▶ [EXERCISE INSTRUCTIONS]
In your copy, reproduce each entry exactly and include no picture.

▶ [DATASET EXTRACT]

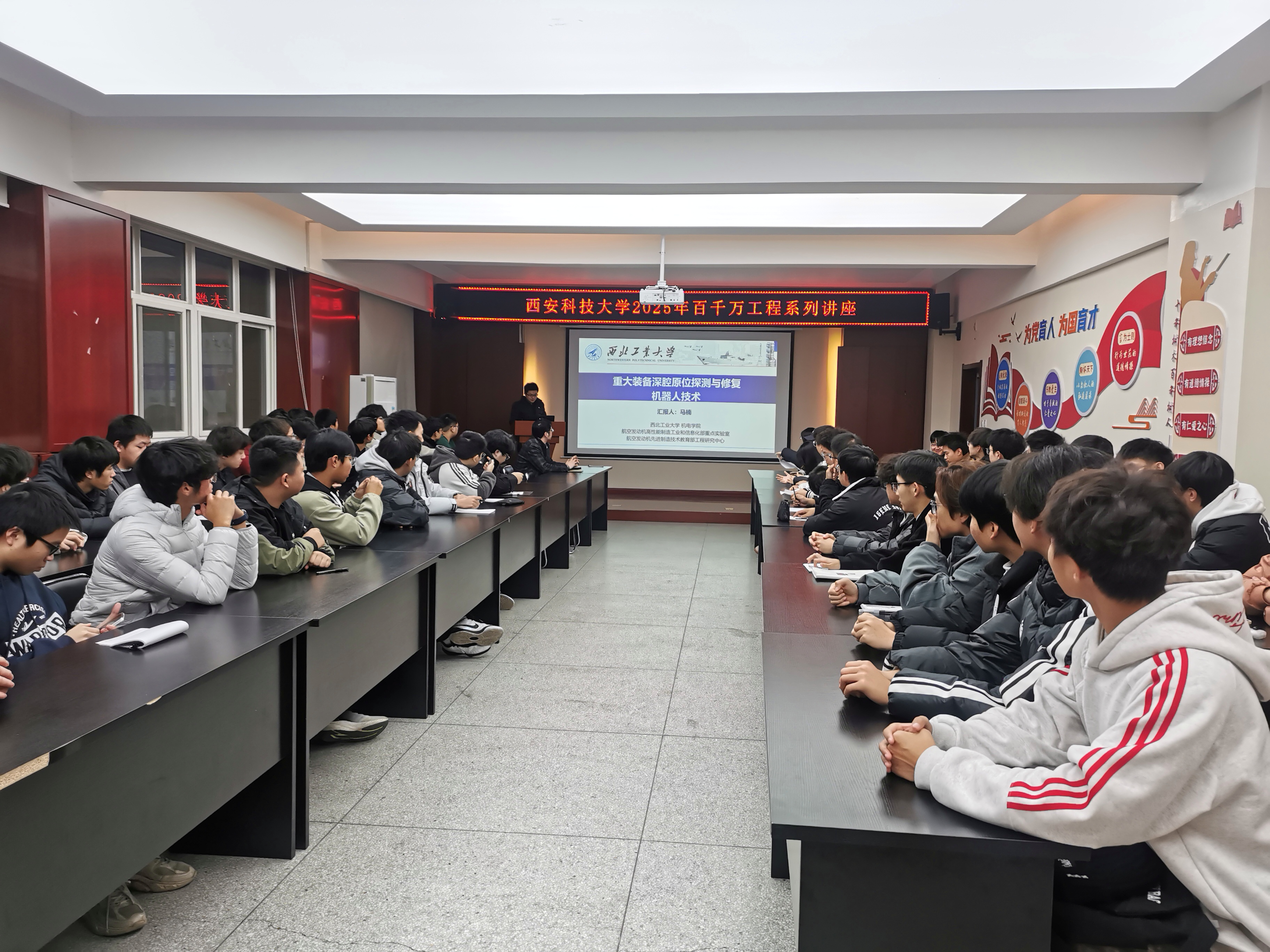 为深入贯彻落实《西安科技大学科研成果反哺教学工作实施管理办法(试行)》《西安科技大学本科生产教融合、科教融汇育人实施办法(试行)》以及《关于开展“百千万工程”系列讲座活动的通知》精神,激发学生对科学研究的兴趣、深化学生对科学研究的认知、提升学生的科研水平,加速形成新质生产力。12月4日晚,9999js金沙老品牌在骊山校园学院会议室举办“科技成果进课堂”(第五场)暨百千万工程系列报告会。本场讲座由机械制造系牵头组织,特邀西北工业大学机电学院马楠教授作题为《重大装备深腔原位探测与修复机器人技术》学术报告,学院近90名机械设计制造及其自动化(领军)、本硕连读班、机电专业优秀学生代表参加本次学习活动。学院副院长钟斌副教授主持讲座。
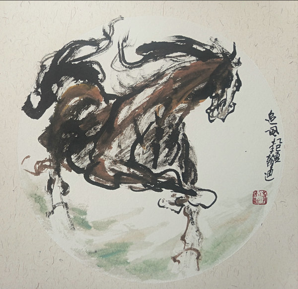 2. 造型表現(xiàn):對馬的造型進(jìn)行了藝術(shù)化處理,并非追求寫實(shí)的精準(zhǔn),而是注重抓住馬奔跑時的動態(tài)神韻。以簡潔而夸張的線條,表現(xiàn)出馬的肌肉、骨骼和動態(tài),雖不似西方寫實(shí)繪畫那般細(xì)膩入微,但卻能生動傳達(dá)出馬的活力與精神氣質(zhì)。比如雙馬或多馬同框的畫作,通過不同姿態(tài)展現(xiàn)馬群奔騰的氣勢。 3. 意境營造:畫面背景簡潔,留白處理巧妙,給人以廣闊想象空間,突出主體馬的同時,營造出一種自由奔放、豪邁灑脫的意境。幾幅畫中雖背景色彩簡單,但通過墨色與構(gòu)圖,能讓人感受到馬在廣袤天地間馳騁的壯闊場景。
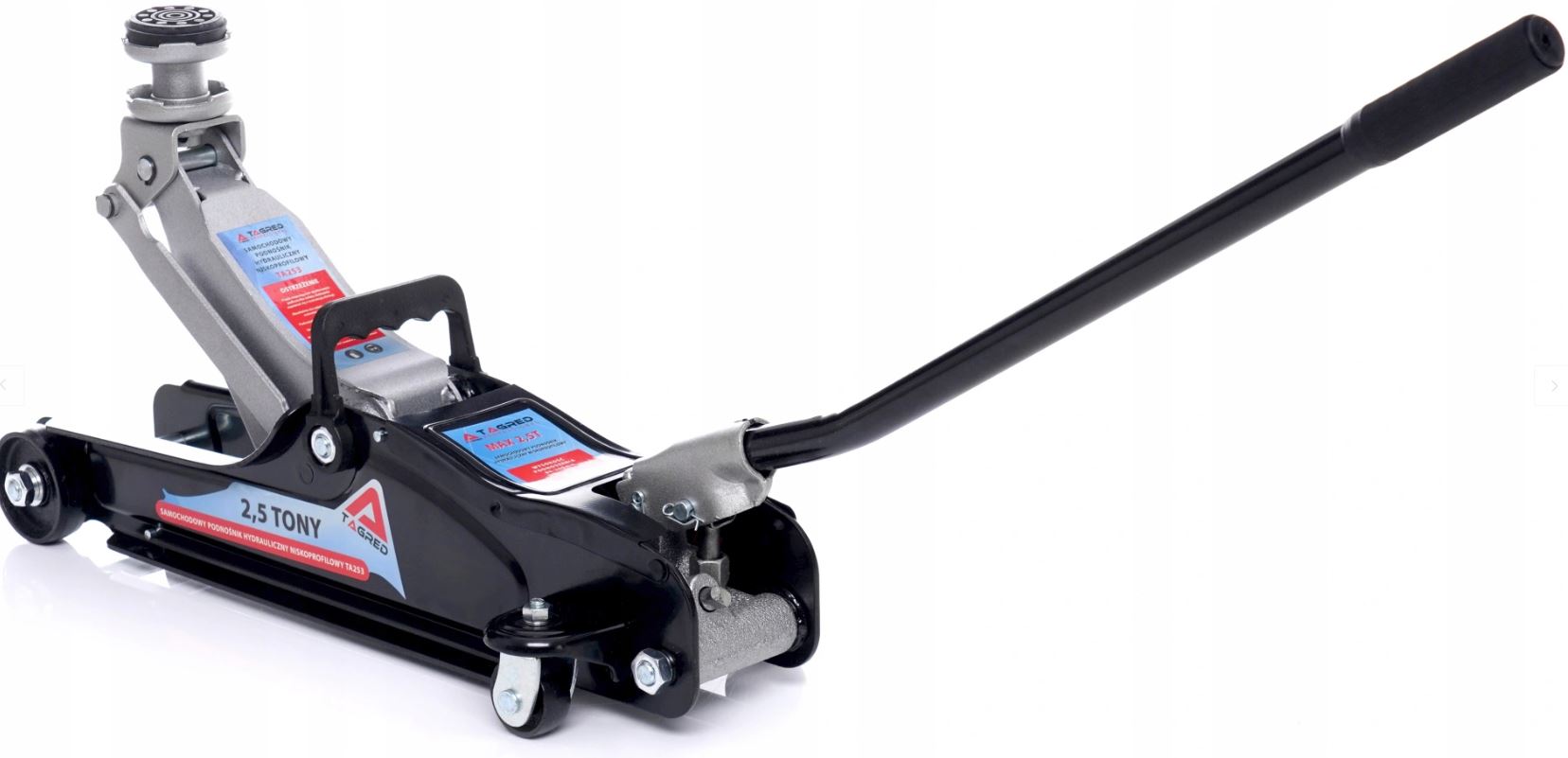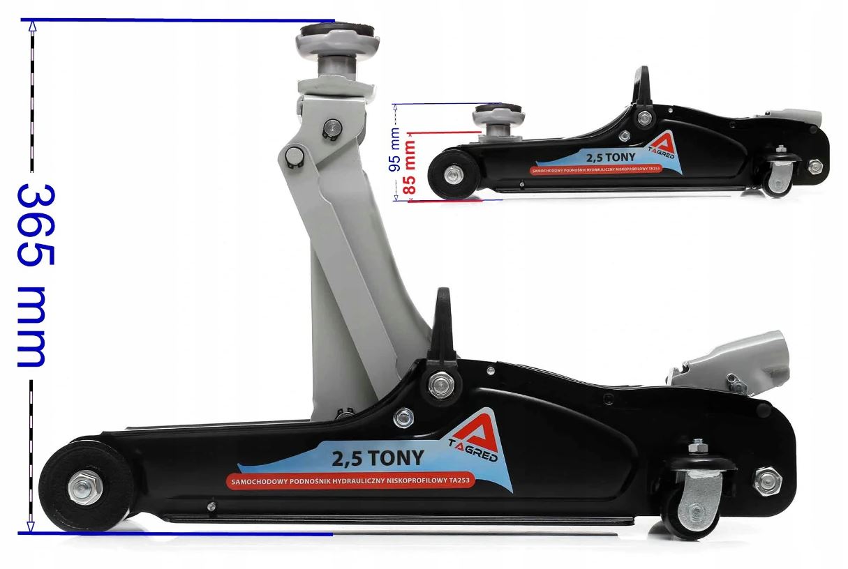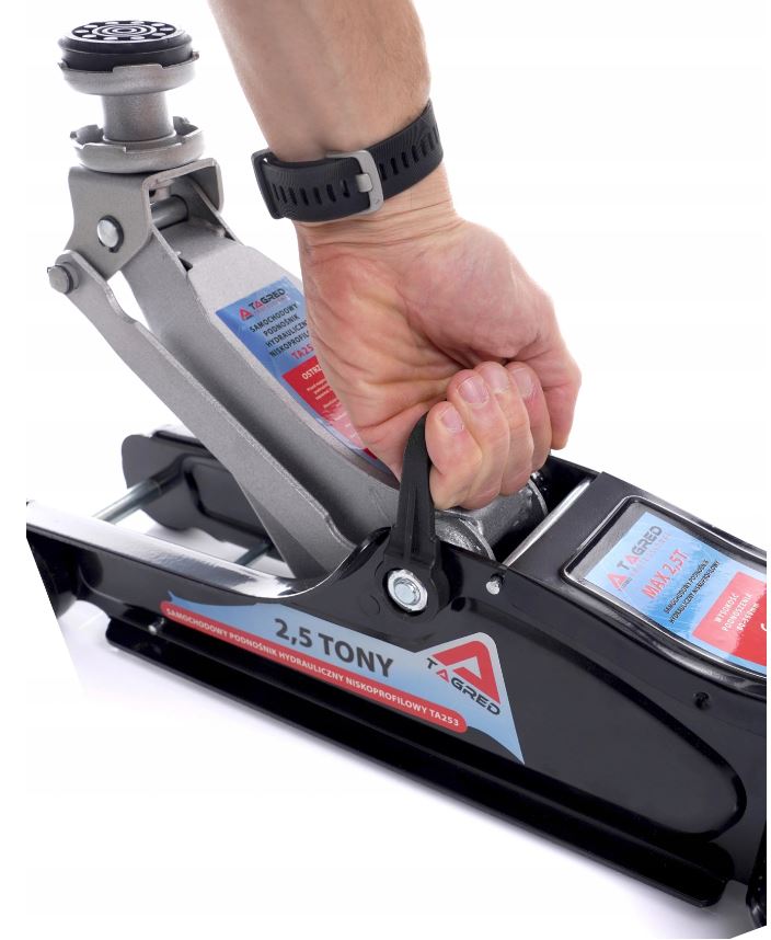 необходим в домашнем гараже, а также в автосервисе, шиномонтаже или станции технического обслуживания транспортных средств - низкопрофильный подъемник TAGRED грузоподъемностью 2,5 тонны изготовлен из лучших рулонных стальных листов, которые объединяются в специальные профили, повышающие жесткость конструкции. Очень небольшая начальная высота делает домкрат TAGRED идеальным для работы с любым автомобилем, включая автомобили с пониженной подвеской - он даже проскользнет под легковой автомобиль, настроенный на понижение подвески до 85 мм!
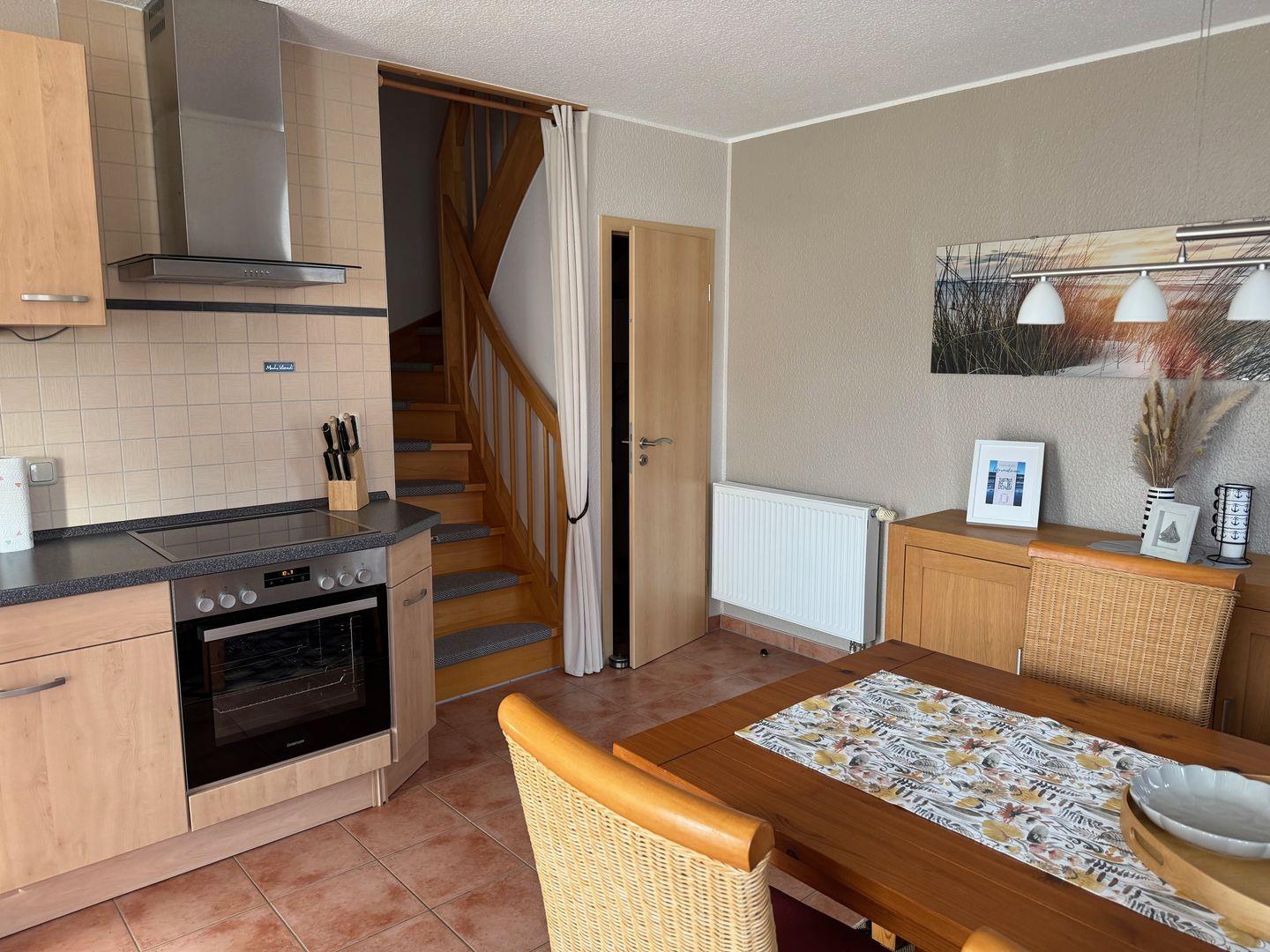 EG: Küche mit Esstisch, Kühlschrank mit Gefrierfach, Cerankochfeld, Kaffeemaschine
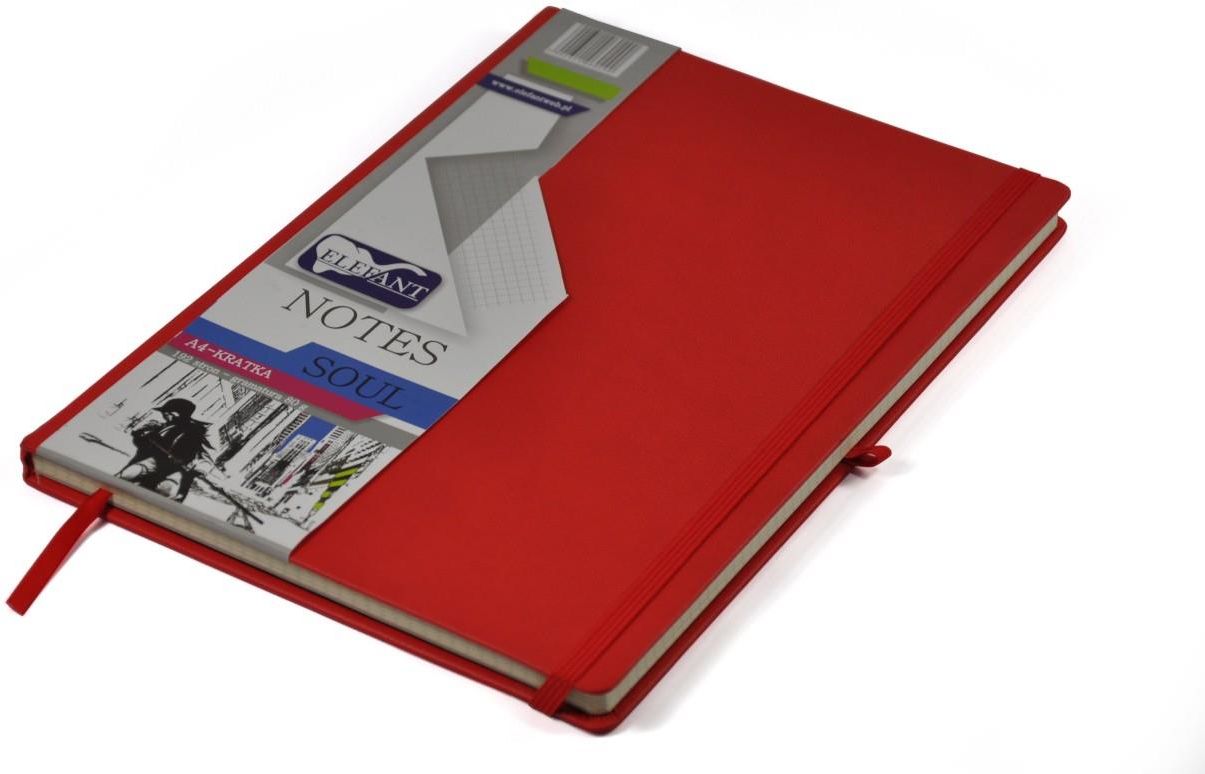 Notatnik biurowy twardy w kratkę zamykany na gumkę A4 Elefant SOUL Elegancki notatnik w wysokiej jakości skóropodobnej twardej okładce zaprojektowany zgodnie z aktualnymi trendami w designie i modzie. Notatnik firmy Elefant charakteryzuje się wysoką jakością papieru oraz okładki która ochroni wszystkie ważne notatki. Szczegóły produktu Notes formatu A4 w twardej skóropodobnej oprawie Zamknięcie za pomocą gumki, dzięki której notes nie otwiera się w torbie lub plecaku. Idealny do robienia notatek w szkole, na studiach lub w biurze, do wpisywania notatek biznesowych. Gramatura papieru: 80g/m2 Papier w delikatnym kolorze chamois Karki w czarną kratkę bez marginesu. Posiada taśmę, która pełni funkcję zakładki. Format A4 z zaokrąglonymi narożnikami. Kartki są zszywane i klejone. Wewnętrzna strona okładki z kieszenią. Kolor okładki: czerwony. Producent: Elefant
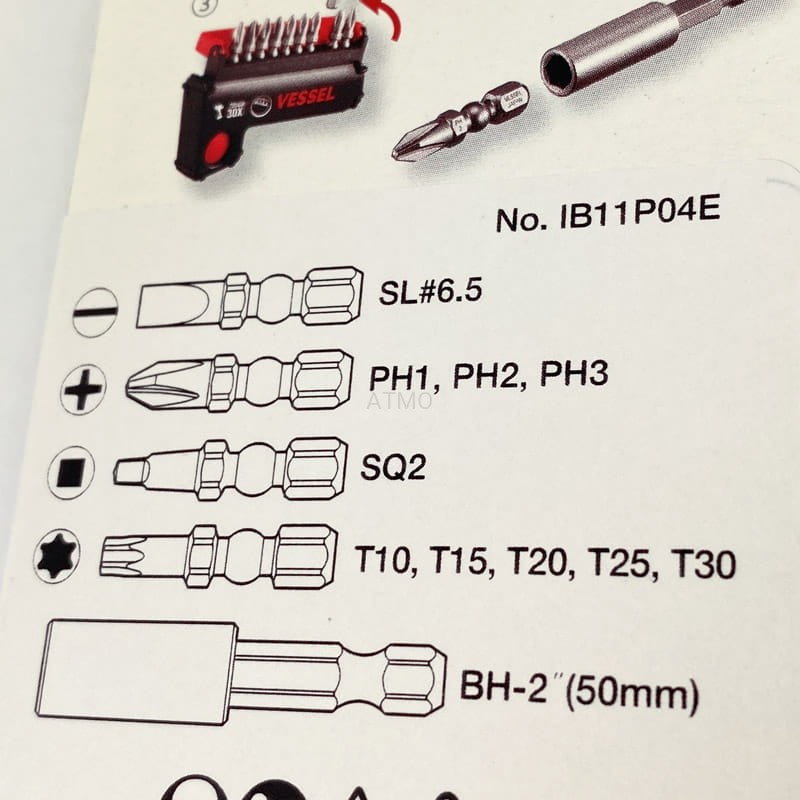 Zestaw bitów 1/4" Vessel L-Box Mini, IB11P04E, 2200 PZ2x150mm buff pod szyję
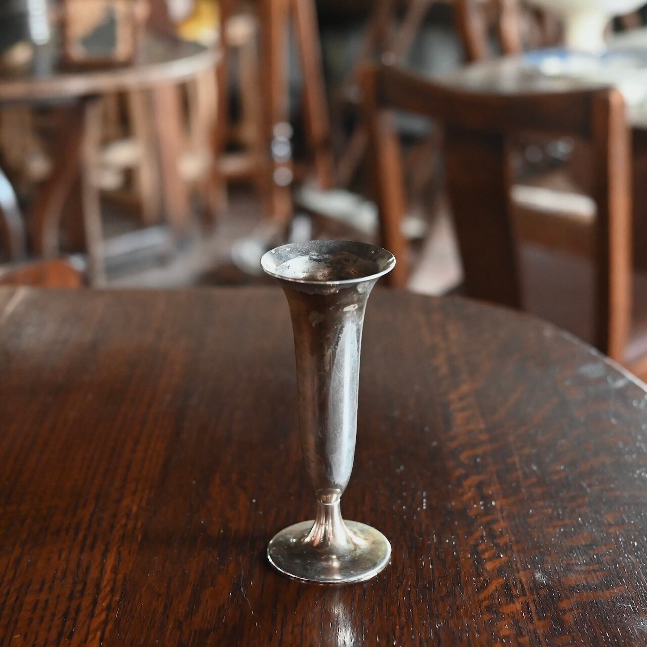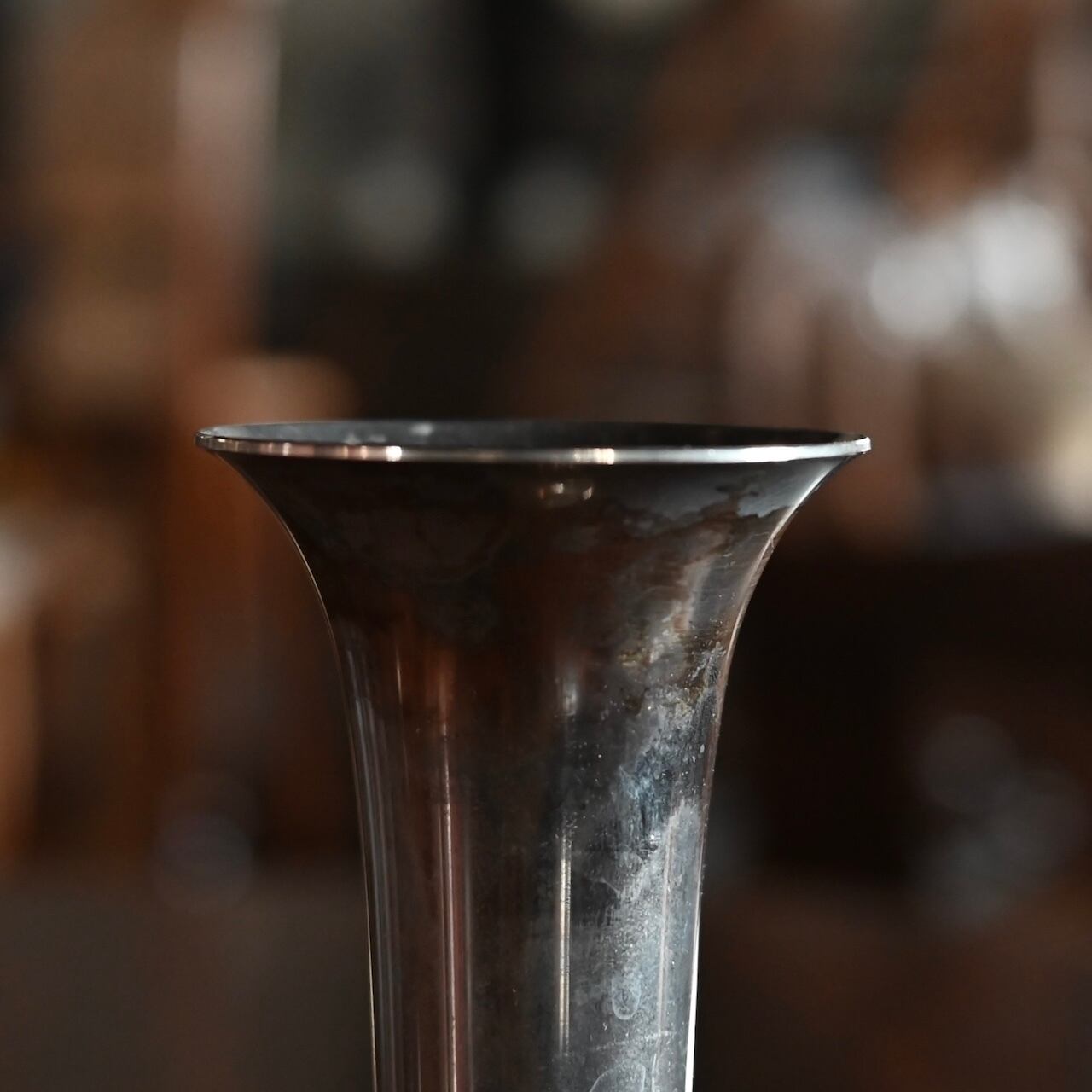 すっきりとしたシンプルなデザインで経年変化により、凹みや錆、くすみが多数あり、アンティークの魅力が詰まったフラワーベースです。

▶ [RESPONSE BELOW]
 为深入贯彻落实《西安科技大学科研成果反哺教学工作实施管理办法(试行)》《西安科技大学本科生产教融合、科教融汇育人实施办法(试行)》以及《关于开展“百千万工程”系列讲座活动的通知》精神,激发学生对科学研究的兴趣、深化学生对科学研究的认知、提升学生的科研水平,加速形成新质生产力。12月4日晚,9999js金沙老品牌在骊山校园学院会议室举办“科技成果进课堂”(第五场)暨百千万工程系列报告会。本场讲座由机械制造系牵头组织,特邀西北工业大学机电学院马楠教授作题为《重大装备深腔原位探测与修复机器人技术》学术报告,学院近90名机械设计制造及其自动化(领军)、本硕连读班、机电专业优秀学生代表参加本次学习活动。学院副院长钟斌副教授主持讲座。
 2. 造型表現(xiàn):對馬的造型進(jìn)行了藝術(shù)化處理,并非追求寫實(shí)的精準(zhǔn),而是注重抓住馬奔跑時的動態(tài)神韻。以簡潔而夸張的線條,表現(xiàn)出馬的肌肉、骨骼和動態(tài),雖不似西方寫實(shí)繪畫那般細(xì)膩入微,但卻能生動傳達(dá)出馬的活力與精神氣質(zhì)。比如雙馬或多馬同框的畫作,通過不同姿態(tài)展現(xiàn)馬群奔騰的氣勢。 3. 意境營造:畫面背景簡潔,留白處理巧妙,給人以廣闊想象空間,突出主體馬的同時,營造出一種自由奔放、豪邁灑脫的意境。幾幅畫中雖背景色彩簡單,但通過墨色與構(gòu)圖,能讓人感受到馬在廣袤天地間馳騁的壯闊場景。
 необходим в домашнем гараже, а также в автосервисе, шиномонтаже или станции технического обслуживания транспортных средств - низкопрофильный подъемник TAGRED грузоподъемностью 2,5 тонны изготовлен из лучших рулонных стальных листов, которые объединяются в специальные профили, повышающие жесткость конструкции. Очень небольшая начальная высота делает домкрат TAGRED идеальным для работы с любым автомобилем, включая автомобили с пониженной подвеской - он даже проскользнет под легковой автомобиль, настроенный на понижение подвески до 85 мм!
 EG: Küche mit Esstisch, Kühlschrank mit Gefrierfach, Cerankochfeld, Kaffeemaschine
 Notatnik biurowy twardy w kratkę zamykany na gumkę A4 Elefant SOUL Elegancki notatnik w wysokiej jakości skóropodobnej twardej okładce zaprojektowany zgodnie z aktualnymi trendami w designie i modzie. Notatnik firmy Elefant charakteryzuje się wysoką jakością papieru oraz okładki która ochroni wszystkie ważne notatki. Szczegóły produktu Notes formatu A4 w twardej skóropodobnej oprawie Zamknięcie za pomocą gumki, dzięki której notes nie otwiera się w torbie lub plecaku. Idealny do robienia notatek w szkole, na studiach lub w biurze, do wpisywania notatek biznesowych. Gramatura papieru: 80g/m2 Papier w delikatnym kolorze chamois Karki w czarną kratkę bez marginesu. Posiada taśmę, która pełni funkcję zakładki. Format A4 z zaokrąglonymi narożnikami. Kartki są zszywane i klejone. Wewnętrzna strona okładki z kieszenią. Kolor okładki: czerwony. Producent: Elefant
 Zestaw bitów 1/4" Vessel L-Box Mini, IB11P04E, 2200 PZ2x150mm buff pod szyję
 すっきりとしたシンプルなデザインで経年変化により、凹みや錆、くすみが多数あり、アンティークの魅力が詰まったフラワーベースです。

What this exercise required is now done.